Ellen Tucker Emerson (1839-1909), the daughter of Lidian Jackson and Ralph Waldo Emerson, is primarily known, when acknowledged at all, for her care of her father in his final years, as his memory failed. Descriptions note her piety and selflessness. Her eulogy states, “She loved the church, loved traditions her father could not do,” while also praising her for being “the visible providence of her declining father, at home attentive to his need, faithful to his side when he walked abroad.” While she was a committed congregant in the Concord First Parish, a Unitarian church where she taught Sunday school, the emphasis on her piety obscures the intellectual curiosity about other forms of faith that played an important role in her life and in her relationship with her father.
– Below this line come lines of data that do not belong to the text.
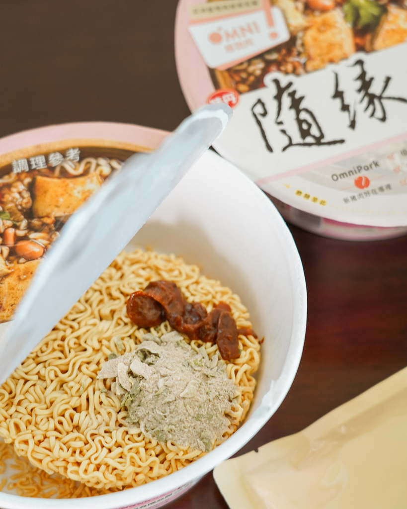 近年來蔬食飲食越來越被看重,為了友善自己、友善環境,蔬食者也成為了趨勢,並非與宗教有關係唷!像我自己也偶爾會來個幾天吃蔬食,盡量以植物性的食物為主,覺得還挺不錯的,有時候嘴饞就會想來點隨緣泡麵,這回隨緣這兩口味都有使用 OmniPork新豬肉 ,吃起來口感還真不賴,植物肉也是近幾年的流行趨勢,一來可以延緩全球暖化、解決糧食危機,也是提升大眾健康的概念,不得不說新豬肉OmniPork口感滋味和香氣媲美真肉呢!
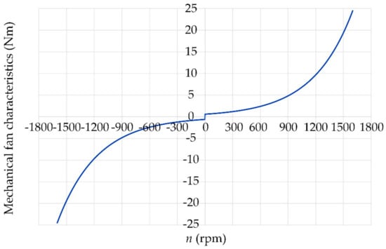 Table 1 was used for this research. Due to the lack of a fan with the parameters described in Equation (3), the experimental studies were carried out for a motor loaded with a magnetorheological brake [
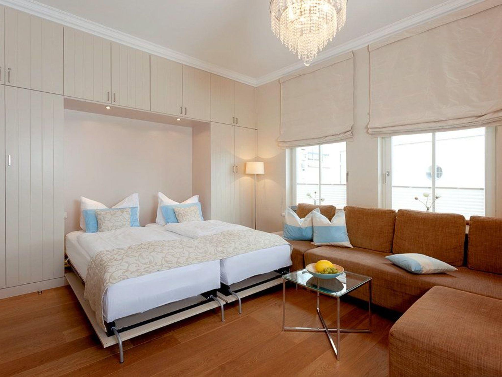 Im Wohnraum befindet sich ein hochwertiges Schrankbett (180 x 200cm / zwei getrennte Matratzen), dass Sie für die Nachtruhe im Handumdrehen in eine Schlafstätte für zwei Personen verwandeln und tagsüber einfach einklappen.
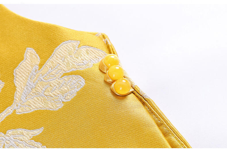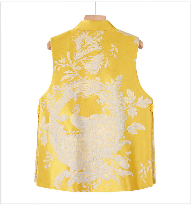 2025春の新型気質デザイン感馬甲新中国風黄色ジャカード盤ボタンベスト気質カンタン
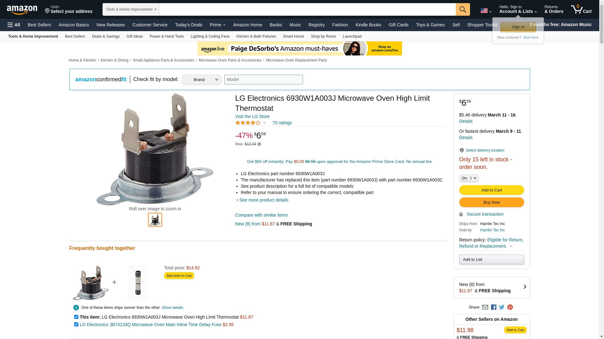 ![]() lgparts.com | 6930W1A003J | 1 | 136 | 1 | 1 @ $15.95 |
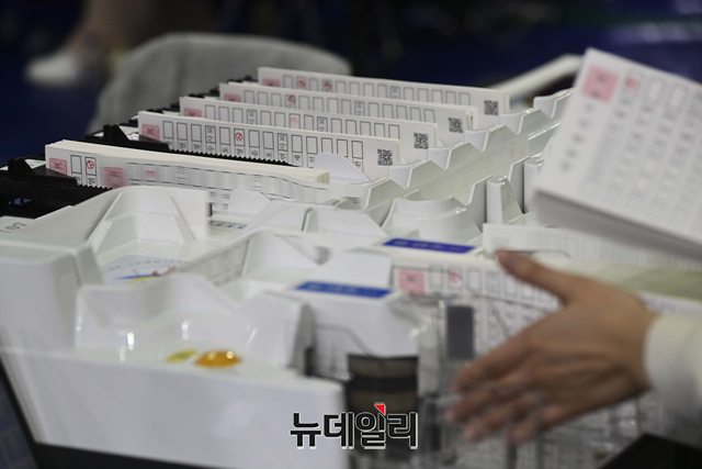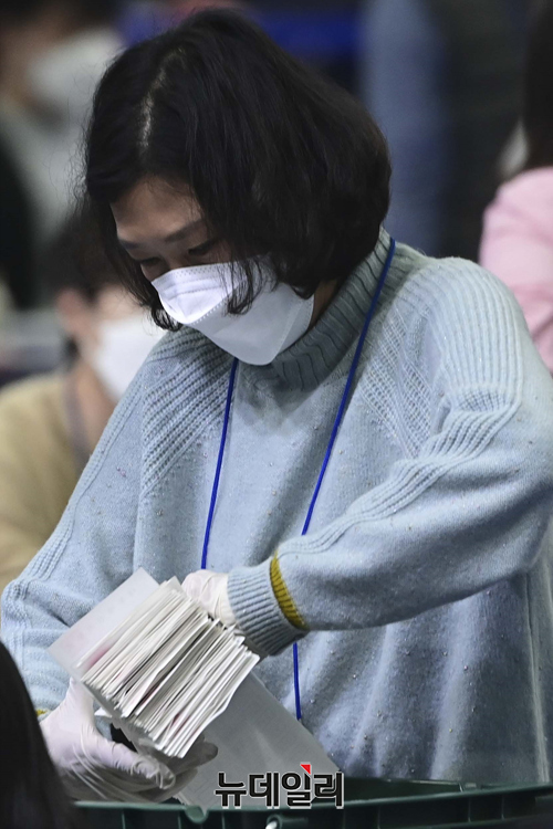 투표를 마친 9일 오후 서울 영등포구 다목적 배드민턴체육관에 마련된 개표소에서 개표원들이 투표함을 개함하기 위해 옮기고 있다.

Her trip with him to Europe and Egypt in 1872 and 1873 allowed her to explore different forms of religion, through visiting houses of worship, often accompanied by her father, and discussing religious matters with people she met. Her letters to family and friends document her intellectual exploration of faith, as well as the discussions she and her father had about religion. She wrote to her mother, “Never till just these circumstances made it manifest had I imagined what a revealing power there was in acts of worship,” adding, “The differences in theology also appeared, and I got the first chance I ever had of well comparing ours with others.” This paper will analyze the ways in which travel allowed her to engage intellectually with different forms of worship. It will also explore the reasons why, despite ample evidence of this engagement in her letters in the Emerson papers at the Houghton Library, Ellen Tucker Emerson's legacy has evolved to obscure it.